Instructions for the task: From first line to last, copy the listing exactly and omit its pictures.

Available data:
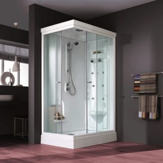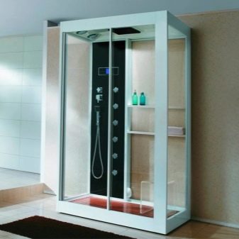Кабините са изработени от високоякостна пластмаса, а преградите могат да бъдат направени от стъклени блокове. Що се отнася до парата, тя може да бъде суха или мокра..
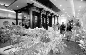 昨日,游客在洛阳国家牡丹园新近落成的牡丹展览馆内观赏盛开的牡丹。
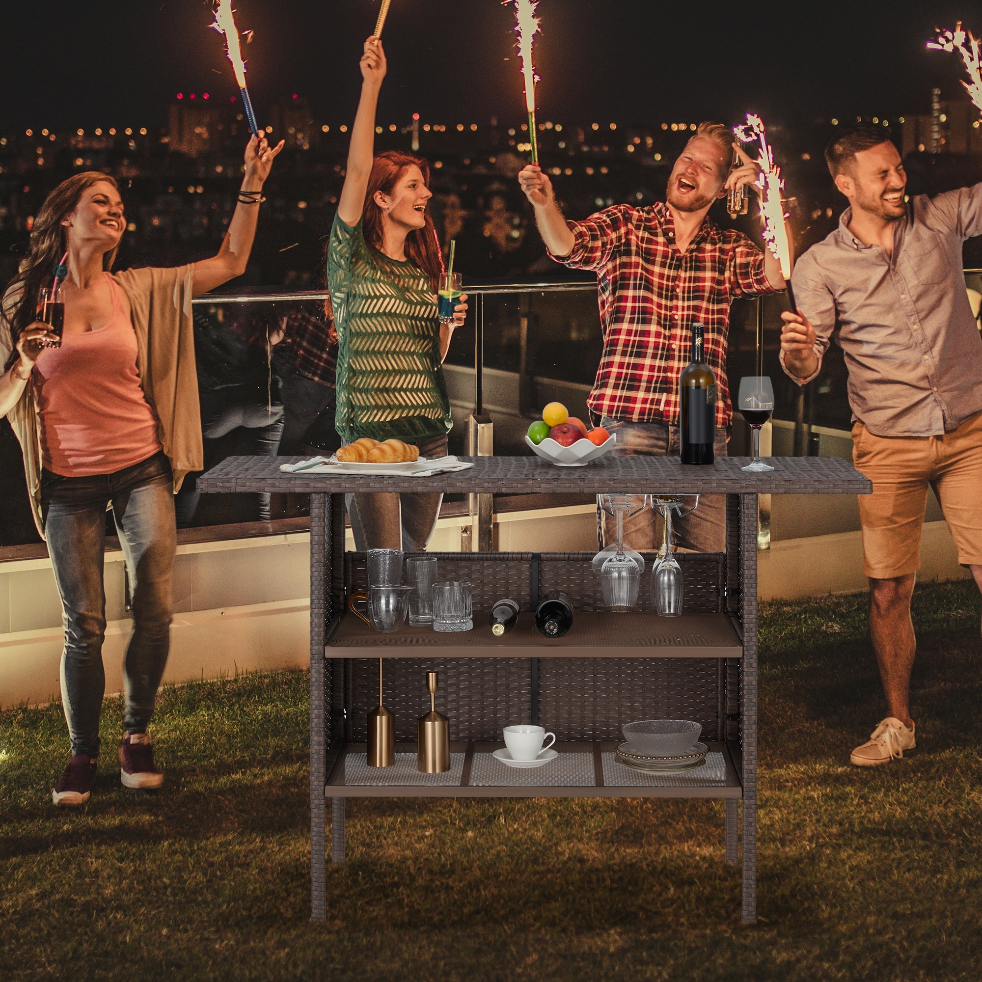 AVAWING Patio PE Wicker Bar Table Rattan Bar Counter Table
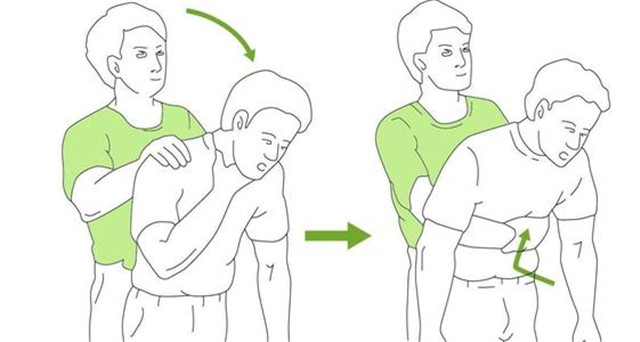 另一只手紧握此拳向后冲击数次,直至异物排除
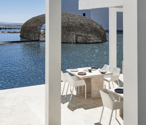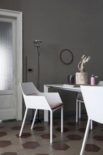 Кресло Mem от Кристофа Пилле, изготовленное из литого полипропилена, армированного стекловолокном, с едва подчеркнутыми углами и изгибами сочетает в себе прочность и элегантность. Два отверстия в сиденье являются эстетичной, но в то же время функциональной деталью, поскольку позволяют штабелировать кресла, несмотря на их объемную форму. Кресло Mem также доступно со съемной мягкой полиуретановой подушкой, которая сочетается по цвету с сиденьем или контрастирует с ним, или с поясничной подушкой, обитой различными тканями, что делает сиденье еще более удобным.
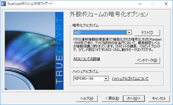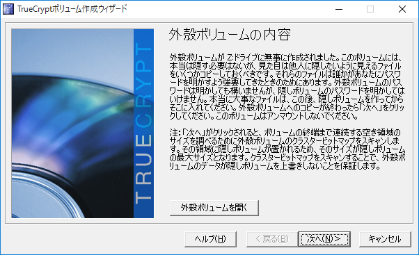 「TrueCrypt 隠しボリューム」にチェックをいれて「次へ」
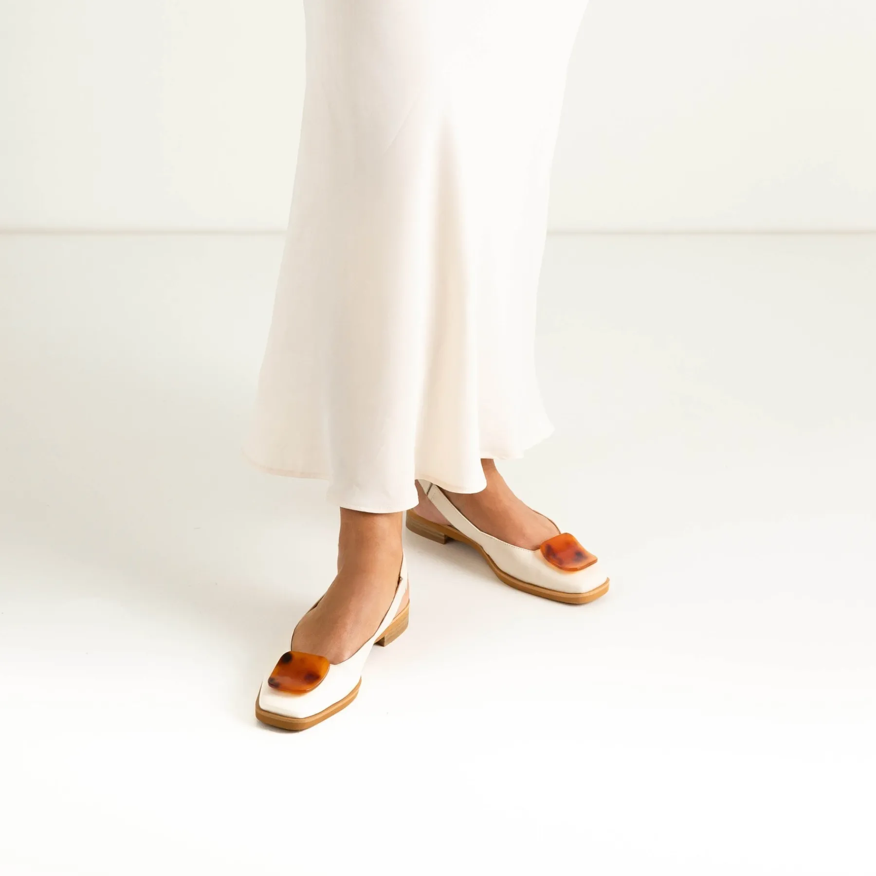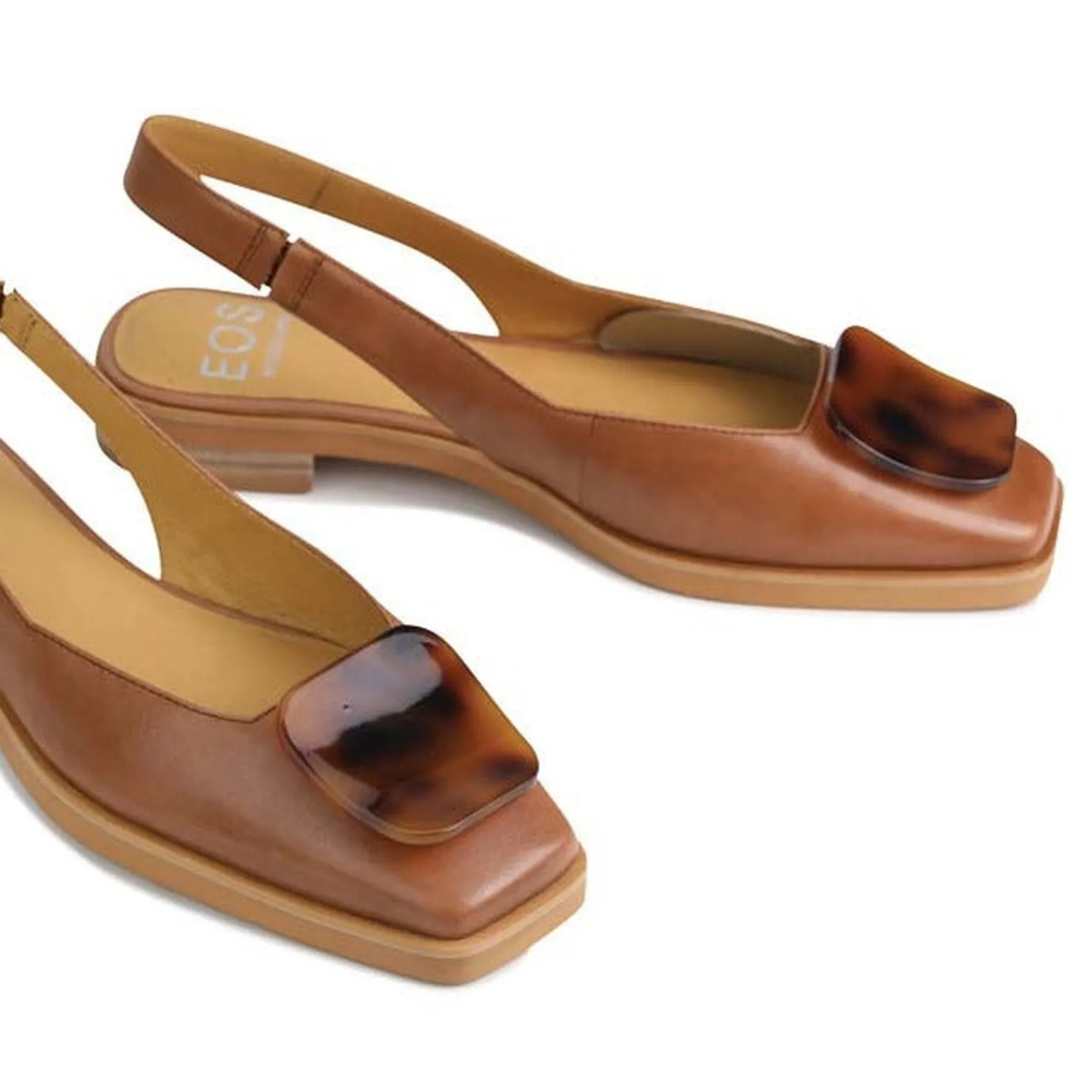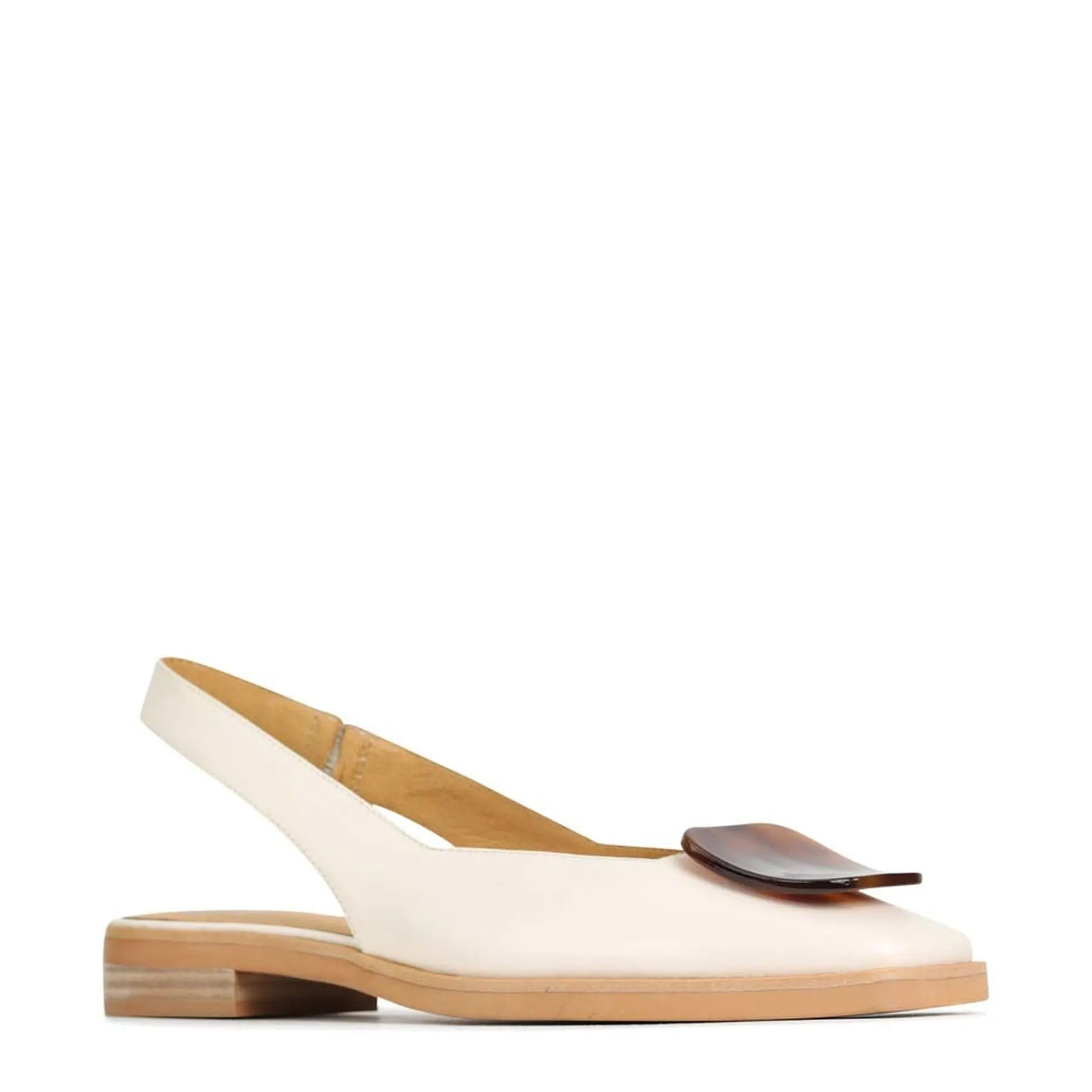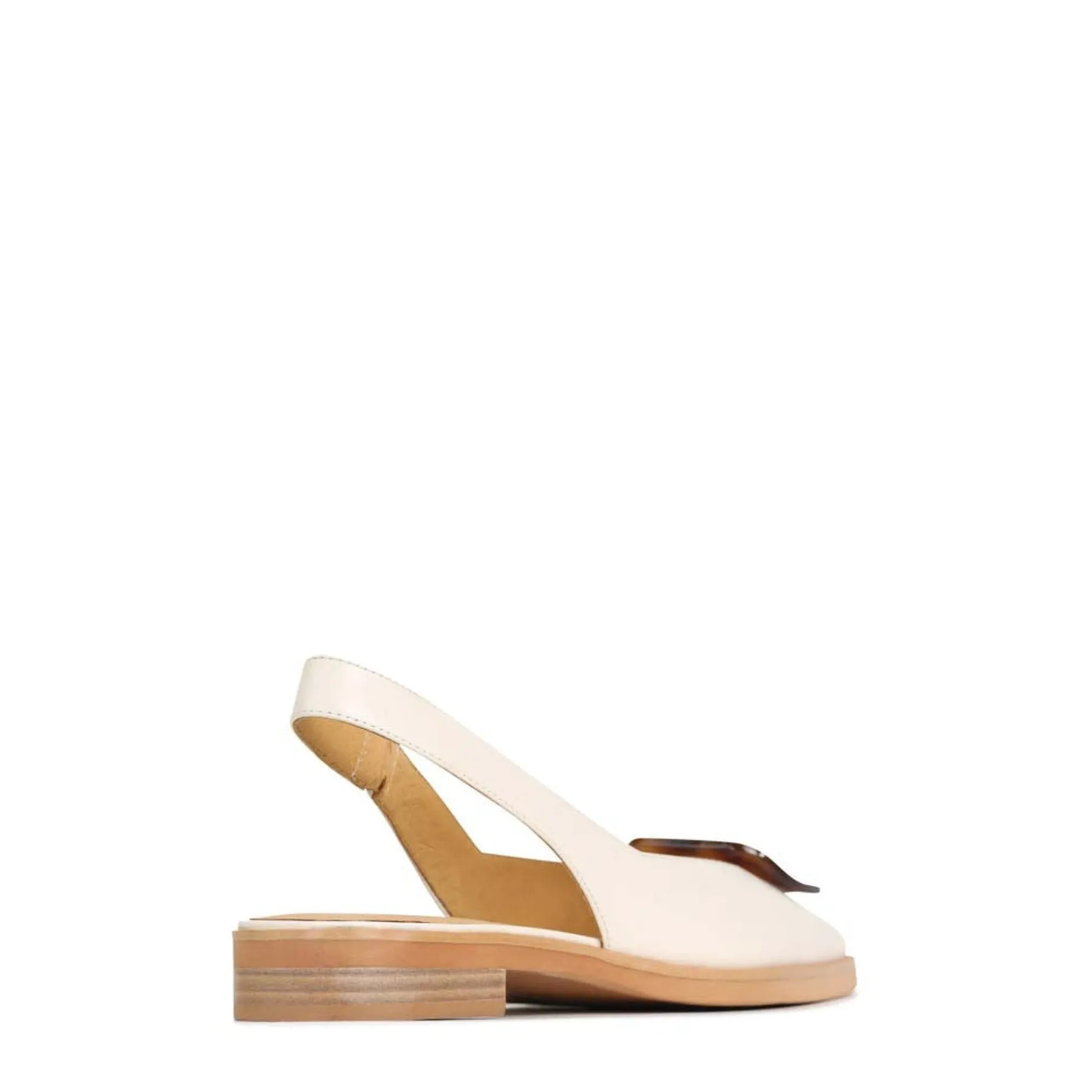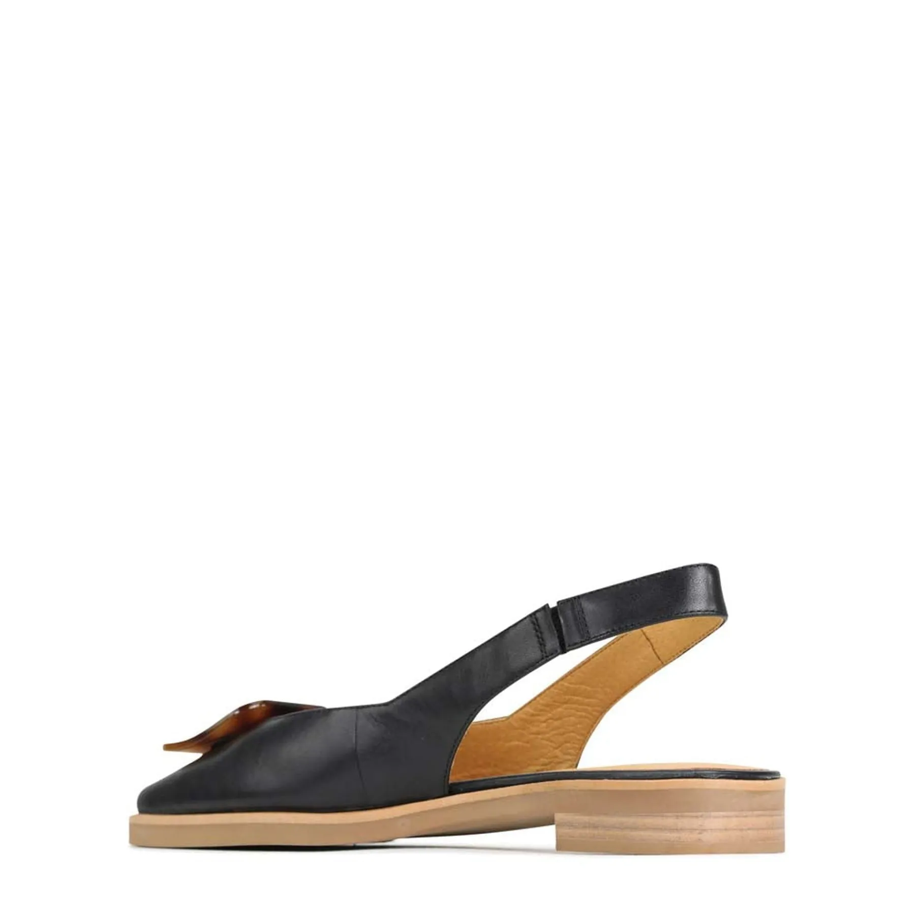 Experience the luxury of ESSY slingback flats: crafted with the finest leather, the low, leather stacked heel adds a touch of glamour to any look. Expertly finished with a tortoise shell ornament and square toe for a subtle hint of sophistication, ESSY flats will quickly become an everyday favourite.

Answer for the task:
Кабините са изработени от високоякостна пластмаса, а преградите могат да бъдат направени от стъклени блокове. Що се отнася до парата, тя може да бъде суха или мокра..
 昨日,游客在洛阳国家牡丹园新近落成的牡丹展览馆内观赏盛开的牡丹。
 AVAWING Patio PE Wicker Bar Table Rattan Bar Counter Table
 另一只手紧握此拳向后冲击数次,直至异物排除
 Кресло Mem от Кристофа Пилле, изготовленное из литого полипропилена, армированного стекловолокном, с едва подчеркнутыми углами и изгибами сочетает в себе прочность и элегантность. Два отверстия в сиденье являются эстетичной, но в то же время функциональной деталью, поскольку позволяют штабелировать кресла, несмотря на их объемную форму. Кресло Mem также доступно со съемной мягкой полиуретановой подушкой, которая сочетается по цвету с сиденьем или контрастирует с ним, или с поясничной подушкой, обитой различными тканями, что делает сиденье еще более удобным.
 「TrueCrypt 隠しボリューム」にチェックをいれて「次へ」
 Experience the luxury of ESSY slingback flats: crafted with the finest leather, the low, leather stacked heel adds a touch of glamour to any look. Expertly finished with a tortoise shell ornament and square toe for a subtle hint of sophistication, ESSY flats will quickly become an everyday favourite.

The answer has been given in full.